The iterative elimination of half the search space in Binary Search is precisely what yields its tremendous efficiency of $O(\log_2(n))$.
- To find the worst-case time complexity, we determine the maximum number of comparisons, $h$, needed to reduce the original input size $n$ to a single element.
- In the worst case, the algorithm runs for $h$ iterations until the search space contains at most one element.

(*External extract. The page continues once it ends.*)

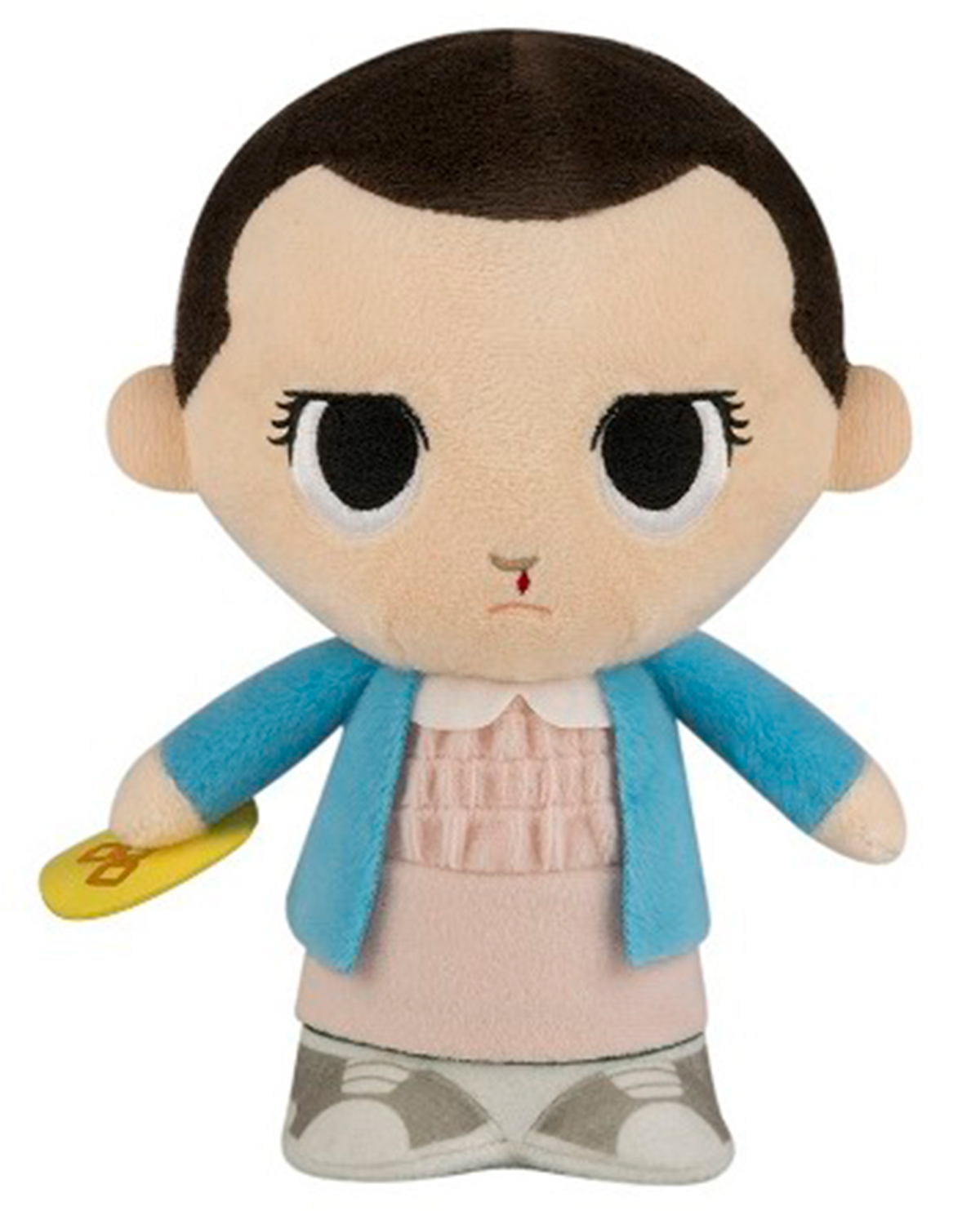 Pero no es un humano cualquiera, Eleven tiene habilidades psíquicas, telequinesis y parálisis musculas, Eleven es tan poderosa que Funko hizo un peluche de nuestra querida 011, te fascinará tanto que no dudarás en ayudarla.

The size of the search space $S$ decreases geometrically:
- Initial Size: $|S_0| = n$
- After 1 comparison: $|S_1| \approx n/2$
- After $h$ comparisons: $|S_h| \approx n / 2^h$
- The process stops when the remaining size is approximately 1. $$ \frac{n}{2^h} \approx 1 \implies n \approx 2^h $$
- Taking the logarithm base 2 to solve for $h$: $$ h \approx \log_2(n) $$
- Key Takeaway: Since the work done in each iteration (calculating the pivot and comparing) takes constant time, the total running time $f(n)$ is proportional to the number of steps, $h$. Therefore, the worst-case time complexity is: $$ O(f(n)) = O(\log_2(n)) $$
Complexity Breakdown
| Component | Description | Cost |
|---|---|---|
| Worst-Case Steps (h) | Number of comparisons to reduce $n$ to 1. | $\log_2(n)$ |
| Work per Step | Midpoint calculation and one comparison. | $O(1)$ |
| Total Complexity | Steps × Work per Step. | $O(\log_2(n))$ |